The American College of Radiology Reporting and Data Systems (RADS) standardizes communication of imaging findings. As of August 2023, there have been 9 disease-specific systems endorsed by the American College of Radiology, referring to products from the lexicons to report templates [13]. RADS reduces terminology variability, facilitates communication between radiologists and referring physicians, allows consistent evaluations, and conveys clinical significance to improve care. However, complexity and unfamiliarity limit adoption. Consequently, endeavors should be pursued to broaden the implementation of RADS. Therefore, we conducted this study to evaluate LLM’s capabilities on a focused RADS assignment task for radiology reports.

A prompt serves as a directive or instruction given to LLMs to generate a particular response. The technique of “prompt tuning” has emerged as a valuable approach to refine the performance of LLMs, particularly for specific domains or tasks [14]. By providing structured queries or exemplary responses, the output of chatbots can be tailored for accurate and relevant answers. Such prompt-tuning strategies leverage LLMs’ knowledge while guiding appropriate delivery for particular challenges [14]. Given the complexity and specificity of the RADS categorization, our investigation emphasizes different prompt impacts to assess chatbot capabilities and potential performance enhancement through refined prompting tuning.

In this study, our primary objective was to meticulously evaluate the performance of 3 LLMs (GPT-3.5, GPT-4, and Claude-2) for RADS categorization using different prompt-tuning strategies. We aimed to test their accuracy and consistency in RADS categorization and shed light on the potential benefits and limitations of relying on chatbot-derived information for the categorization of specific RADS.

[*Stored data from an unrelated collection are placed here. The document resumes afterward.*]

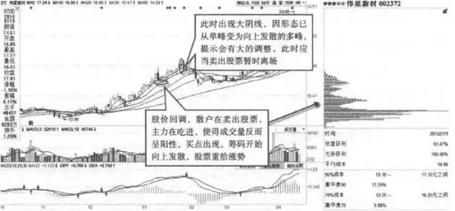 大阴线突然出现在上涨途中的单峰密集区,此时经过上涨,下方积累了一定的获得筹码,有兑现获利的需求,主力便借机洗盘,股价下挫,上涨行情受阻。但单峰密集形态未改变,说明后市仍会上涨,只不过是略事休整,主力借机吸到更多的低价筹码。比如,伟星新材
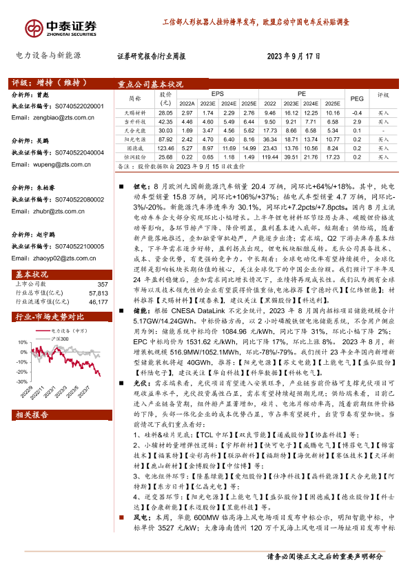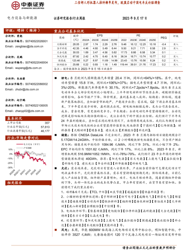 【中泰证券】【20230917】电力设备与新能源行业周报:工信部人形机器人挂帅榜单发布,欧盟启动中国电车反补贴调查-31页
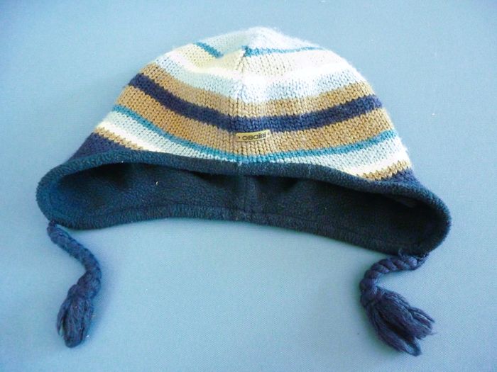 Bonnet Laine bebe Garçon Obaïbi bleu rayé 12 mois bleu TBE
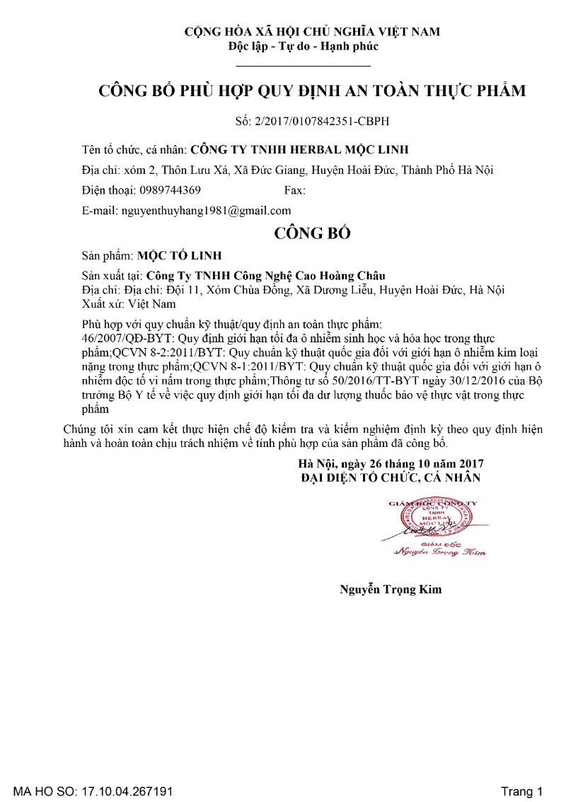 ♦ Mộc Tố Linh là sản phẩm được tư vấn bởi Viện Hoá học, Viện Hàn Lâm KH&CN Việt Nam.
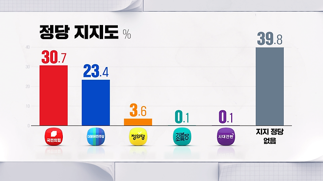 정당 지지도는 국민의힘 30.7%, 민주당 23.4%, 정의당 3.6% 순이었습니다.
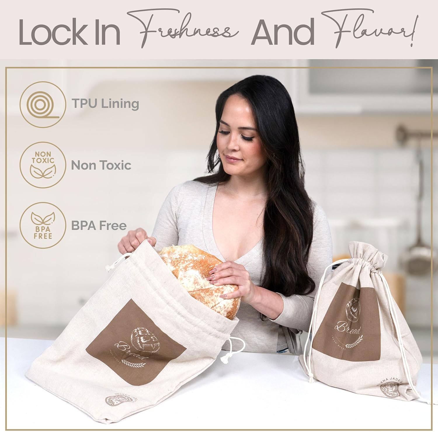 - 𝗗𝘂𝗿𝗮𝗯𝗹𝗲 & 𝗕𝗿𝗲𝗮𝘁𝗵𝗮𝗯𝗹𝗲 𝗠𝗮𝘁𝗲𝗿𝗶𝗮𝗹: Crafted with high-quality linen and a food-safe TPU lining, these bread bags offer long-lasting durability. The BPA-free, non-toxic liner material ensures safe, long-lasting storage for your everyday bread needs.
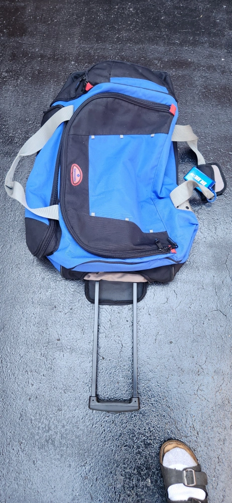 This is a rolling duffle bag. It is blue, black, and grey with a retractable handle. It has a zippered pocket on the front and a large main compartment.

Methods Ethical Considerations

As the study was based on radiological data that were artificially generated by radiologists and did not involve the participation of human subjects, the study was determined to be exempt from ethical review, in accordance with the regulations established by the institutional review board of Henan Provincial People’s Hospital.

Study Design

The workflow of the study is shown in Figure 1. We conducted a cross-sectional analysis in September 2023 to evaluate the competency of 3 chatbots—GPT-3.5, GPT-4 (OpenAI, August 30, 2023 version) [15], and Claude-2 (Anthropic) [16]—in the task of assigning 3 RADS categorizations to radiology reports. Given the chatbot’s knowledge cessation was as of September 2021, we opted for Liver Imaging Reporting & Data System (LI-RADS) version 2018 [17], Lung CT (computed tomography) Screening Reporting & Data System (Lung-RADS) version 2022 [18], and Ovarian-Adnexal Reporting & Data System (O-RADS) magnetic resonance imaging (MRI) (developed in 2022) [19] as the yardsticks to compare the responses engendered by GPT-3.5, GPT-4, and Claude-2. A total of thirty radiology reports for either CT or MRI examinations were composed for this analysis, with 10 cases representing each of the 3 RADS reporting systems. The radiology reports used for testing were generated by radiologists with more than 10 years’ experience to correct the wording styles from real-life cases based on respective RADS systems. For each RADS (ie, LI-, Lung-, and O-RADS), we attempted to reflect the complexity and diversity so that the reports cover typical cases in clinical practice. Therefore, reports with 2-3 simple cases and 7-8 challenging cases were generated for 1 RADS. These include scenarios such as prior examination comparison, the presence of multiple nodules, extensive categorization under different RADS systems, and updates from the most recent LI-RADS and Lung-RADS guidelines. The characteristics of radiology reports for each RADS and the distribution of the number of the reports across the 3 RADS are shown in Multimedia Appendix 1. The objective was to evaluate the performance of chatbots on a highly structured radiology workflow task involving cancer risk categorization based on structured report inputs. The study design focused on a defined use case to illuminate the strengths and limitations of existing natural language-processing technology in this radiology subdomain.

Figure 1

Flowchart of the study design. CT: computed tomography; LI-RADS: Liver Imaging Reporting & Data System; Lung-RADS: Lung CT Screening Reporting & Data System; MRI: magnetic resonance imaging; O-RADS: Ovarian-Adnexal Reporting & Data System; RADS: Reporting and Data Systems.

Prompts

We collected and analyzed responses from GPT-3.5, GPT-4, and Claude-2 for each case. To mitigate bias, the radiological findings were presented individually via separate interactions, with corresponding responses saved for analysis. Three prompt templates were designed to elicit each RADS categorization along with explanatory rationale: Prompt-0 was a zero-shot prompt, merely introducing the RADS assignment task, such as “Your task is to follow Lung-RADS version 2022 guideline to give Lung-RADS category of the radiological findings delimited by angle brackets.”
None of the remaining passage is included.